When you have your camera set to capture image files in the JPEG file type, every shot you take gets edited in many ways in the camera and is intended as a ready-to-print final image.
Image color saturation, tonal contrast and image sharpening are all edits done in the camera before they can be displayed on the rear LCD.
But each of those edits is done to the entire image (global edits).
So you use a shallow DoF to create a blured background, and then the JPEG editing sharpens that blurred background making it a little less blurred. That's like taking your six-shooter out of your holster and shooting yourself in the foot.

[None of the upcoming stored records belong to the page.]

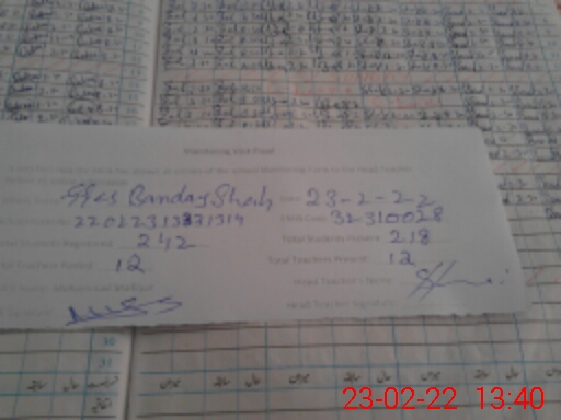 | EMIS Code: 32310028 | Name of School: GGES BANDAY SHAH | |||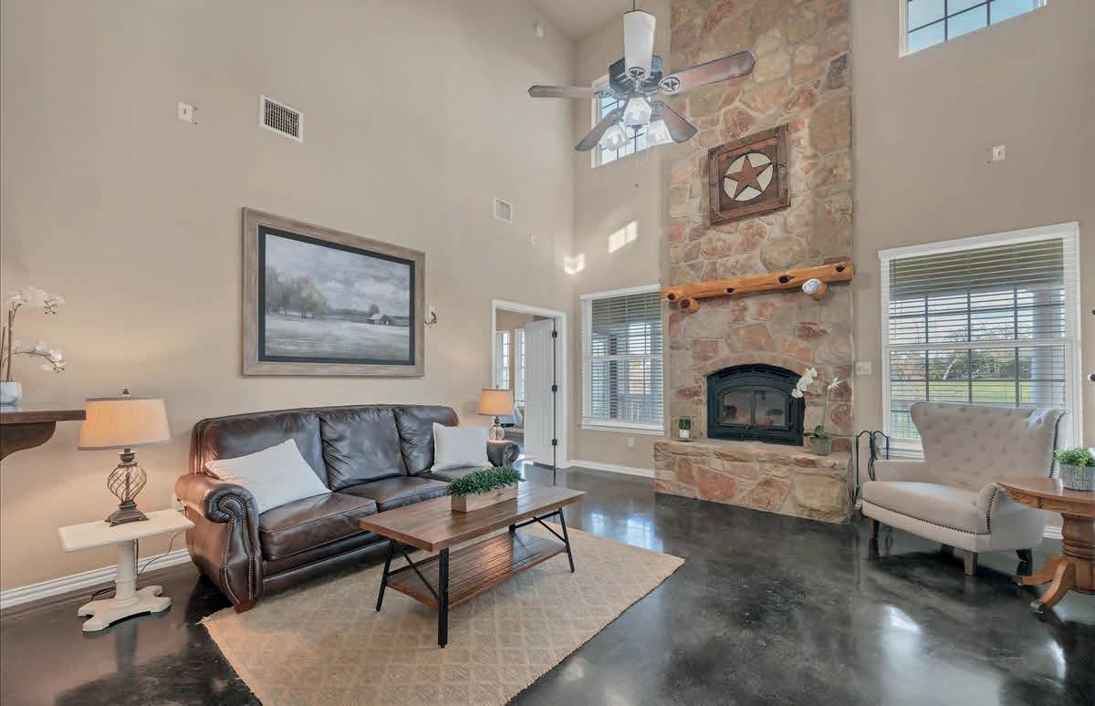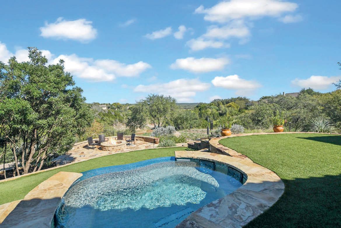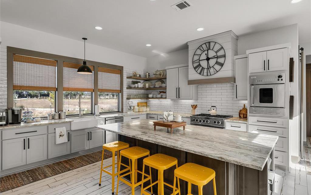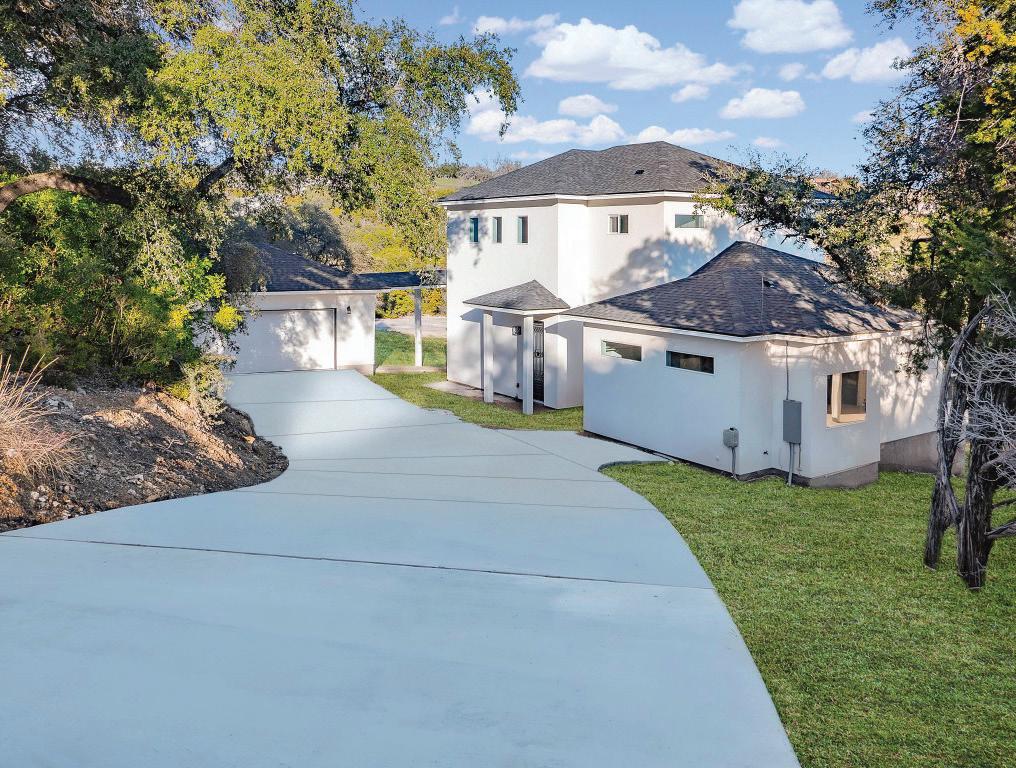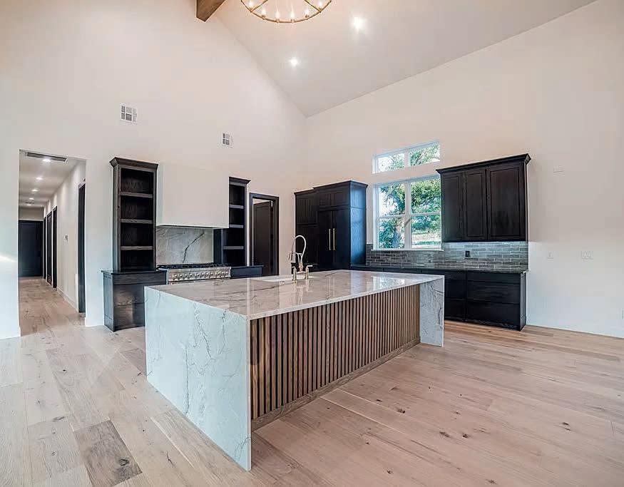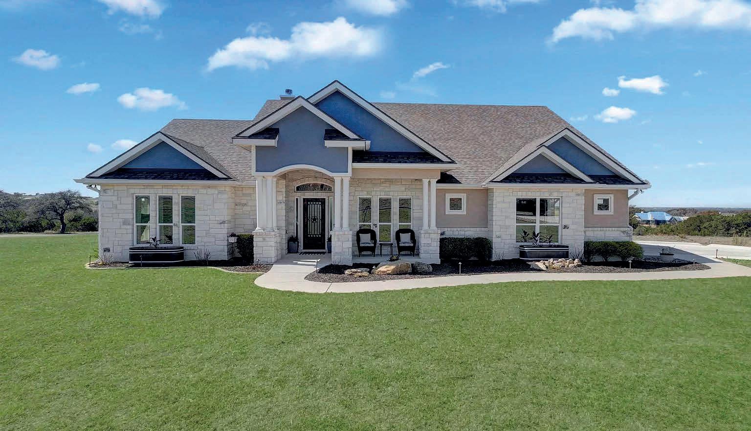 5 BEDS | 5.5 BATHS | 4,994 SQ FT | $2,697,770 | Located in the gated community of Clearwater Landing at Lake LBJ, this newly constructed residence is the ultimate dream home for those insisting on the finest in design and craftsmanship. This hill country contemporary home is graced by a bright and open floorplan featuring wide plank White Oak hardwood floors and is filled with warm, sophisticated furnishings and décor. The captivating two-story foyer, with its cascading chandelier and curved staircase, draws you into a layout made for entertaining. Fluted wall panels anchored by a linear fireplace define the 20’ ceiling in the great room, lit by a dramatic pendant chandelier and natural light that spills in from the 12-foot glass sliding doors. The gourmet kitchen with custom cabinetry and large center island features quartz countertops and professional-grade appliances duplicated in the adjacent prep kitchen. The primary suite presents opulent amenities such as a coffee bar, a retractable projector screen, surround sound, and a fireplace. The second floor hosts all guest suites, a bonus prayer room, a workout room, and a state-of-the-art home theater. The indoor luxury extends outside to the living and dining spaces, where a fully equipped summer kitchen boasts a gas grill, wood-fired pizza oven, wine refrigerator, drawer fridge & freezer, dishwasher and sink. Enjoy Lake LBJ access without paying waterfront prices, as your separately leased boat slip is waiting at the Clearwater Marina, located just 1 minute away.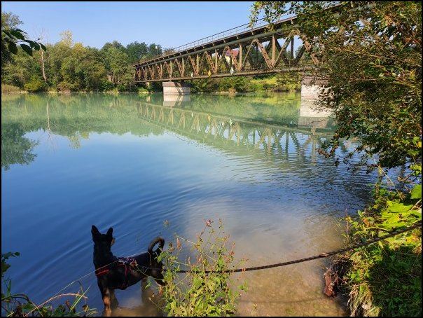 Einige hundert Meter weiter erreichten wir die alte Eisenbahnbrücke, über die noch immer die Züge rollen und unter der man tatsächlich auch noch spazieren kann. Wir verzichteten mit den Hunden darauf. Die Brücke an sich ist aber tatsächlich ein schönes Fotomotiv.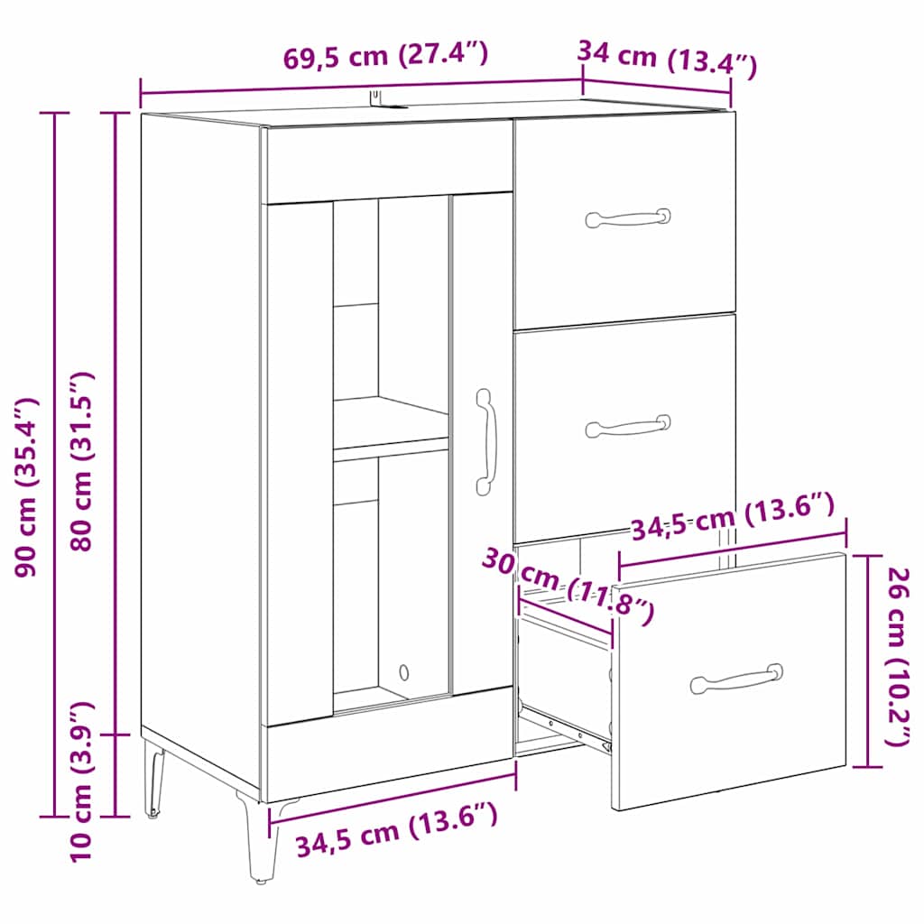 - Gesamtabmessungen: 69,5 x 34 x 90 cm (L x B x H)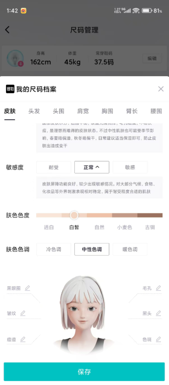 5.自由调整你的皮肤状态,腰围,头发,肩宽,胸围等,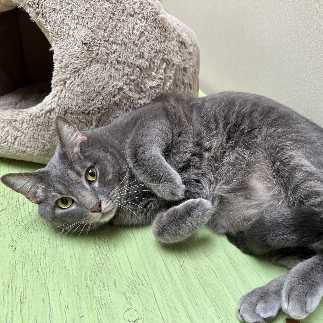 Breezy Wilo is a sweet and lively cat who brings energy and affection wherever he goes. He’s a curious explorer, always eager to discover new things and entertain himself with anything whether it’s toys, catnip, water, or just a cardboard box! Wilo’s playful antics, like chasing his own tail and tossing his toys in the air, are sure to bring smiles to anyone lucky enough to meet him.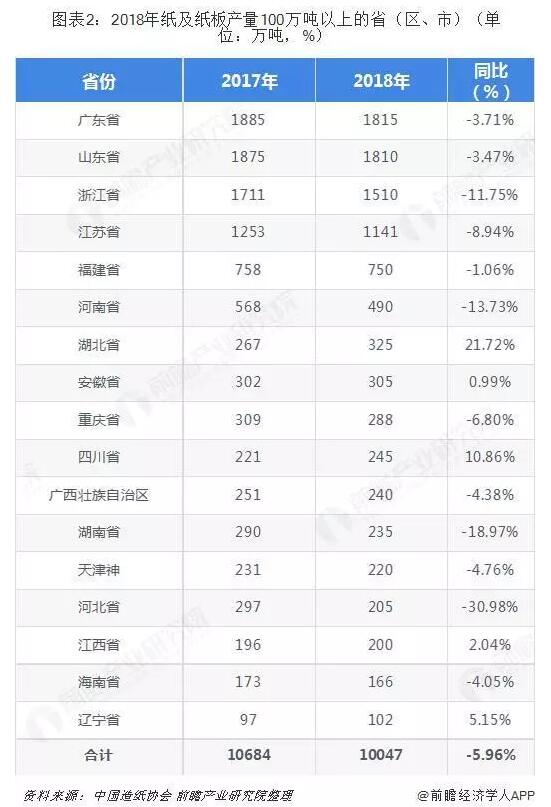 而在省份格局上,廣東、山東以及浙江為主要產區。2018年廣東、山東、浙江、江蘇、福建、河南、湖北、安徽、重慶、四川、廣西、湖南、天津、河北、江西、海南和遼寧17個省(區、市)紙及紙板產量超過100萬噸,產量合計10047萬噸,占全國紙及紙板總產量的96.28%。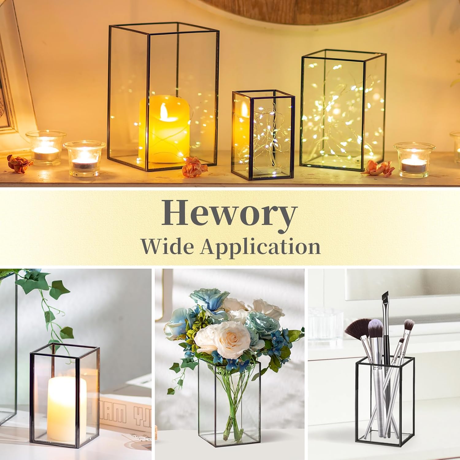 Glass Hurricane Candle Holder Large - Hewory 3pcs Black Rectangle Flower Holders Centerpiece for Table, Tall Floor Square Pillar Candle Lantern for Wedding, Anniversary, Party, Fireplace, Dining Room
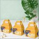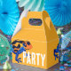 Esta caixa de dobra de festa tropical apresenta o padrão de manchas e listras de um sapo de dart venenoso laranja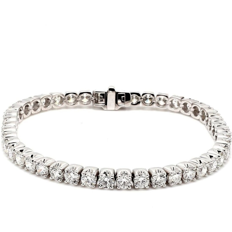 Ninacci 14K White Gold 7" Tennis Bracelet with 4-Prong Set Round Diamonds - 6.97 Carat Total Diamond Weight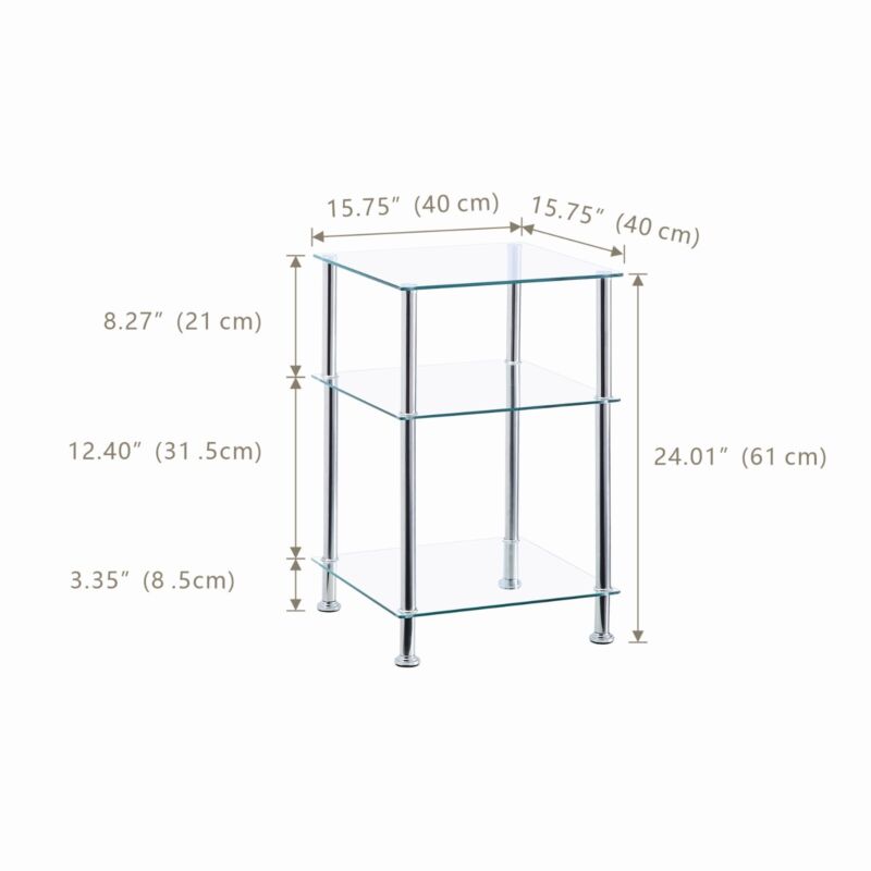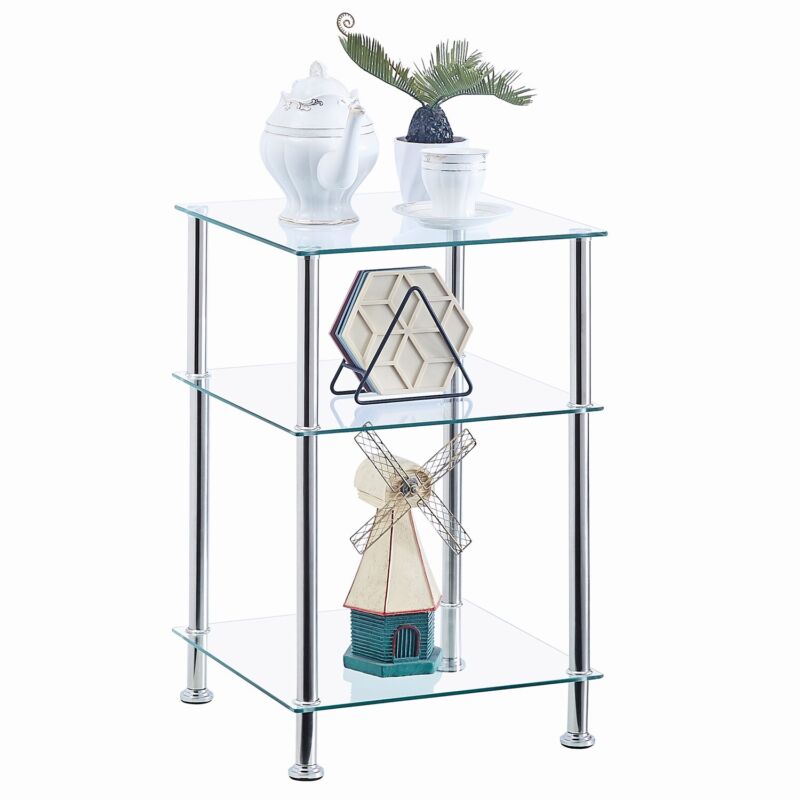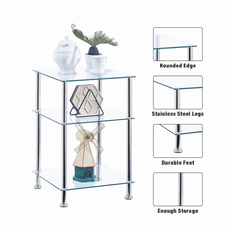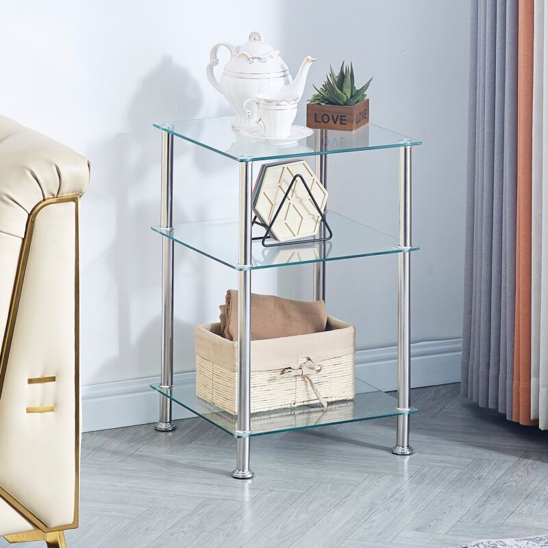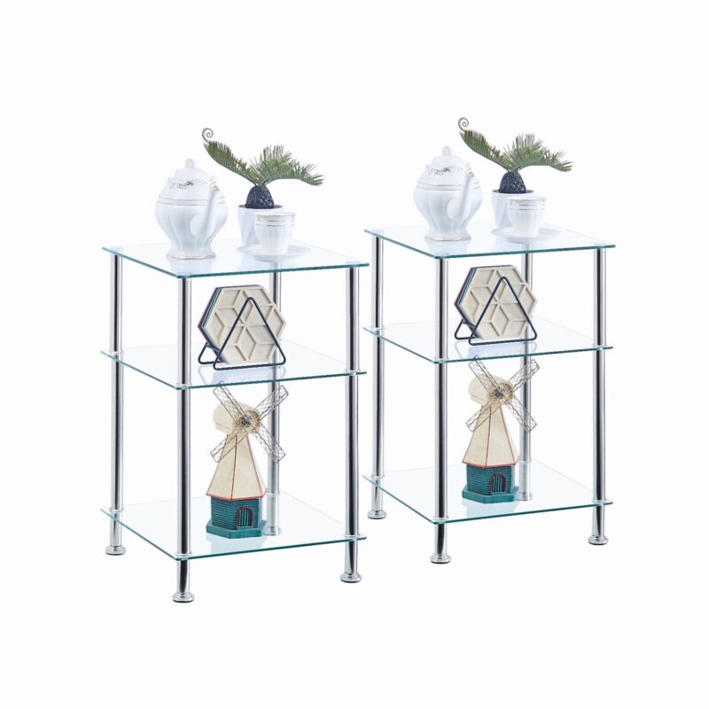 Pair of 3 Tiers Square Clear Tempered Glass Sofa Side End Table Bedside Table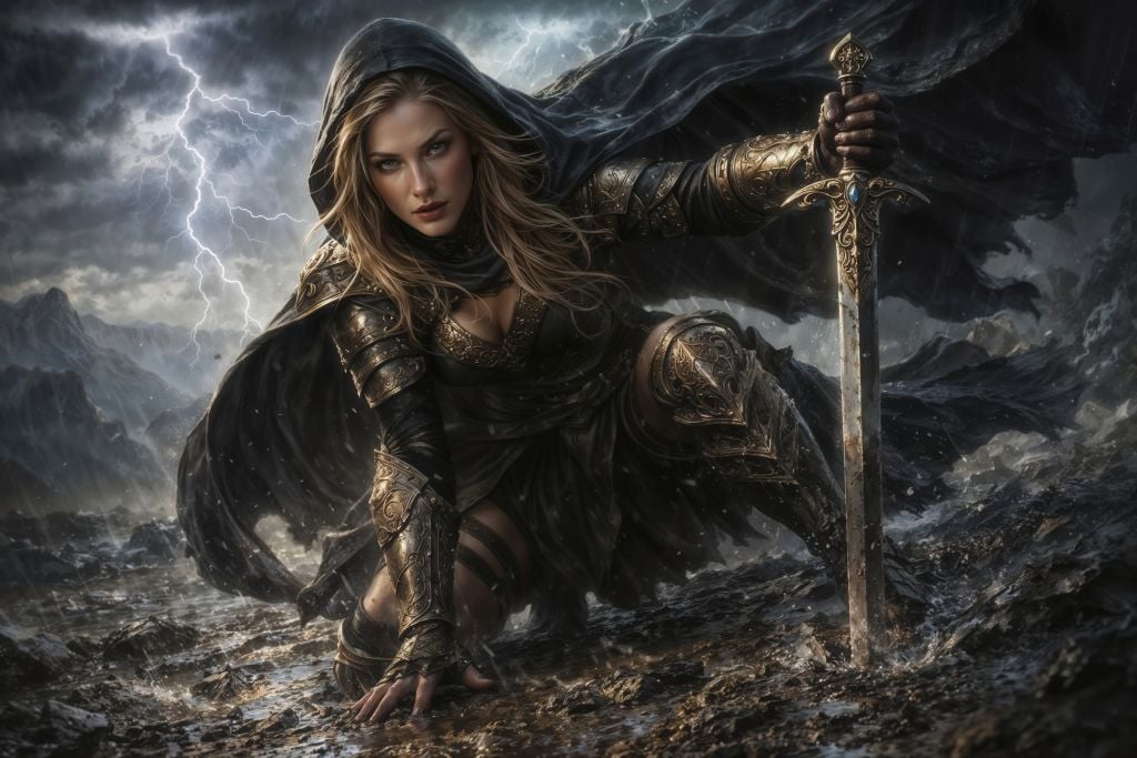 Lightning splits the sky. Rain turns earth to iron-black mud. And in the heart of it all, she kneels—cloak whipping like a banner—one hand to the ground, the other locked on a gilded sword as if the storm itself swore loyalty first.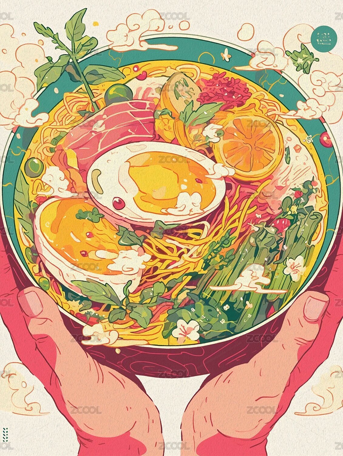 美食,食物,食品,饮食,面条,汤面,鸡蛋,插画,包装,艺术

Who was it that decided how your JPEG photos should be edited? A bunch of Japanese camera software engineers who would never see your photo, that's who.
Your camera is designed to let you change how much, but not where in the photo, each of those JPEG edits are done, but the range of adjustment they provide is crude and not nearly as precise as edits done using image editing software.
Lets assume that is all OK with you, and you figure you'll spruce up the editing using PsE 10.
We have to back up some, but it's worth it to stay with me.
Your D7000's image sensor initially records
everything you shoot as a Raw image data file. It does that so it can translate the color information it records as 12-bit or 14-bit numbers (your choice in the D7000 menus). You may wonder what that has to do with anything, but it's known as bit-depth -
Bit Depth.
The biggest number 12-bits can represent is 4096. The biggest number 14-bits can represent is 16,384. In other words, when you set your D7000 to record at a 12-bit depth it can record a maximum of 4096 different gradations of color tone in each of the 3 color channels - Red, Green, and Blue (RGB). When set to the 14-bit depth the maximum gradations of color tone that can be recorded in each of the 3 color channels increases to 16,384 per color channel.
Your D7000 is likely still set to the default - 12-bits, and that's OK for Raw capture.
You're shooting JPEG and wondering what you gain by shooting Raw. JPEG only allows a maximum bit-depth of 8-bits, which is only 256 gradations of color tone in each of the 3 color channels.
In other words, between the time you release the shutter, and your JPEG gets written onto your memory card, the gradations of color tone in each of the 3 color channels gets reduced from 4096 gradations of color tone in each of the 3 color channels, to just 256 gradations of color tone in each of the 3 color channels.
That's about 80% of the color data your D7000 image sensor captured. The way the camera reduces the from 4096 to 256 is really simple. It simply throws away 3840 gradations of color tone in each of the 3 color channels.
But, that's only part of the story, because JPEG isn't done making changes, which you have no control over, to your photo. JPEG also converts the 16.2 million pixel into 8x8, 8x16, or 16x16 pixels units called Minimum Coded Units, which then become the smallest portion of a JPEG you can edit.
An 8x8 pixel square, which is 64 pixels, in essense just became a single pixel, essentially (for post process editing purposes) making your D7000 a 0.25 MP camera. (16,200,000 dividd by 64 = 253,125)
All of that is why
JPEGs have little, if any, post process editing headroom.
But, we all know there is no such thing as a free lunch.
To get the maximum editing headroom we record the Raw file to our memory cards.
Every Raw file needs some amount of editing to become a finished, photograph.
You really should save the Raw, the .PSD and the JPEG. The Raw file is the most valuable of the 3.